= Zamua =

Ancient Pre-Iranian kingdom

Zamua (also Mazamua) was an ancient Iron Age Pre-Iranian kingdom, corresponding with the earlier kingdom of Lullubi, which stretched from Lake Urmia to the upper reaches of the Diyala River, roughly corresponding with the modern Sulaimania governorate (still called Zamua/Zamwa ) in Iraqi Kurdistan. It was centered at Sharazur plain. Ameka and Arashtua were two southern Zamuan kingdoms. A tribal chief (Nasiku) bearing the Akkadian name of Nūr-Adad was a Zamuan leader who launched a failed resistance against Assyrian domination. Its inhabitants were most probably related to the Gutians living east and south of Zamua, and the Hurrians living northwest of the Kingdom.

==Inner Zamua==
The northern regions of Zamua (towards lake Urmia) were known as Inner Zamua. Ida was the most important state in Inner Zamua, with Nikdera one of its most important rulers.
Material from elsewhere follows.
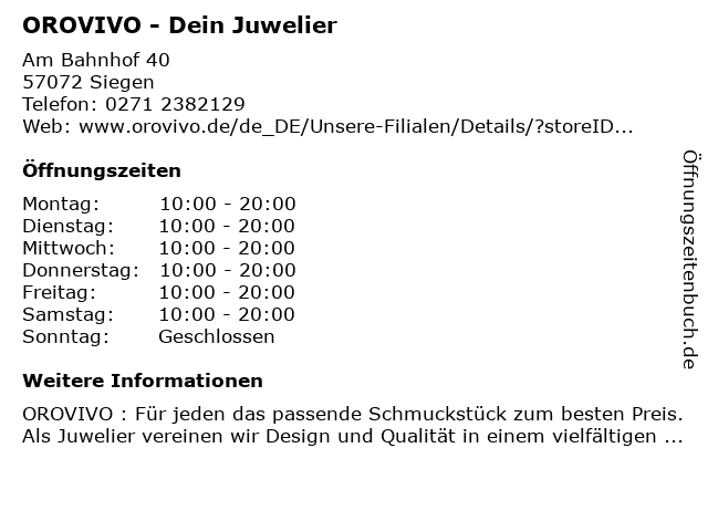 ᐅ Offnungszeiten Oro Vivo Juweliere Am Bahnhof 40 In Siegen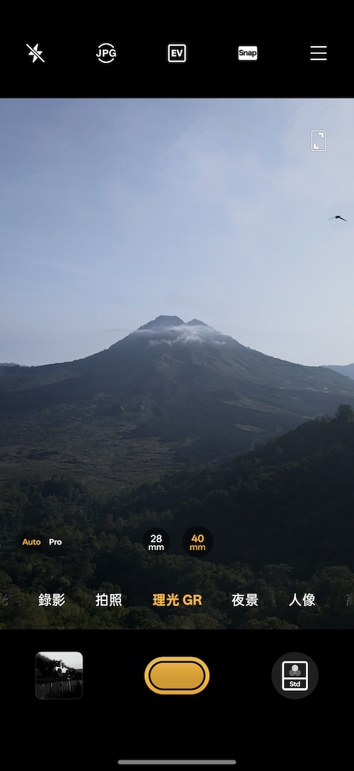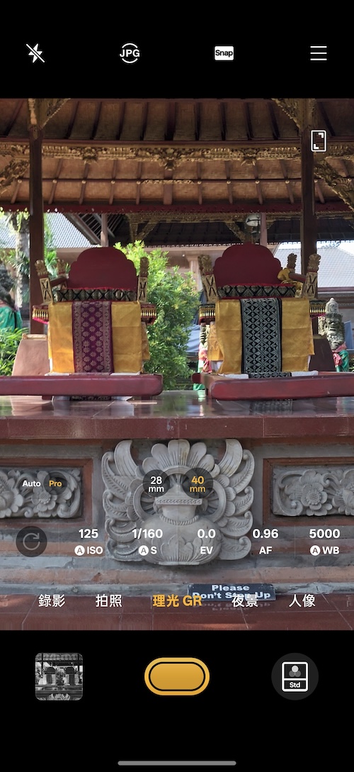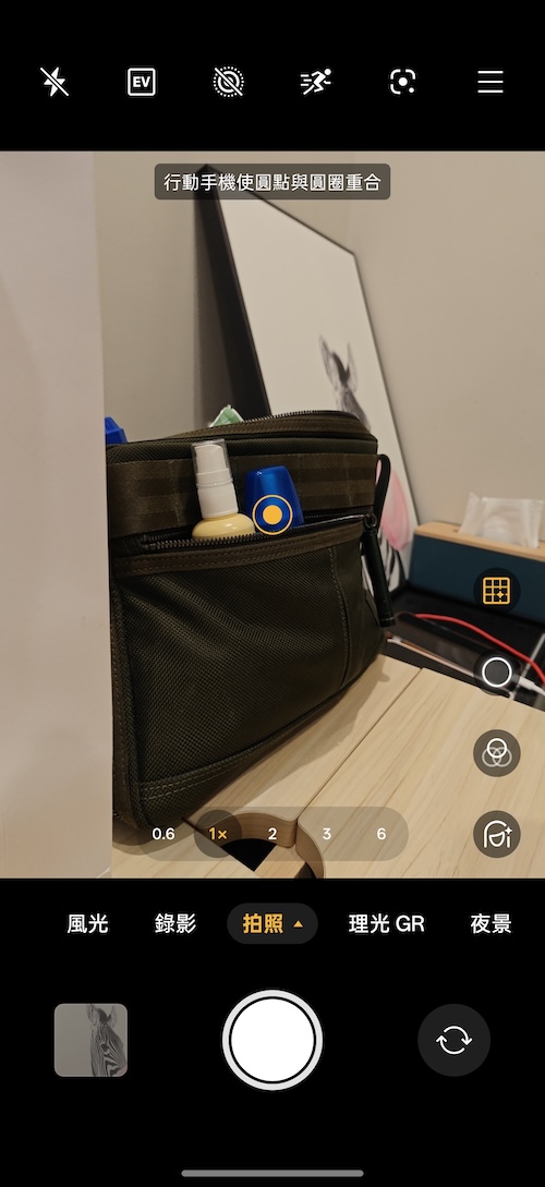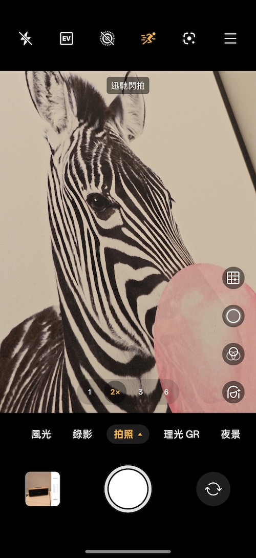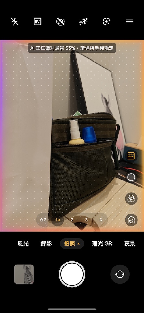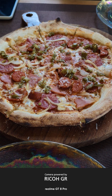 realme GT 8 Pro進入內建的相機功能時,在螢幕上的拍照鍵往下滑可進入理光 GR模式,在理光 GR模式的拍照鍵下滑可回到原相機模式,切換時很絲滑流暢。

==Akkadian Period (Simurrum)==
Stela of Iddi-Sin, King of Simurrum. It dates back to the Old Babylonian Period. From Qarachatan Village, Slemani Governorate, Iraqi Kurdistan. Located in the Slemani Museum, Iraq.

==Neo-Assyrian Period (Mazamua)==
In the Neo-Assyrian Period, Mazamua was an Assyrian province with the provincial capital of the same name Mazamua (modern Suleimaniya). Lake Zeribar was considered by the Assyrians as Inner Mazamua. The region of Slemani was known as Zamwa prior to the foundation of the modern city in 1784. It is surrounded by the Azmar (Ezmer), Goizha (Goyje) and Qaiwan (Qeywan) Mountains in the northeast, Baranan Mountain in the south and the Tasluja Hills in the west. The city has a semi-arid climate with very hot dry summers and cold wet winters.

A letter is known where Sargon II speaks to Šarru-emuranni, his governor of Mazamua.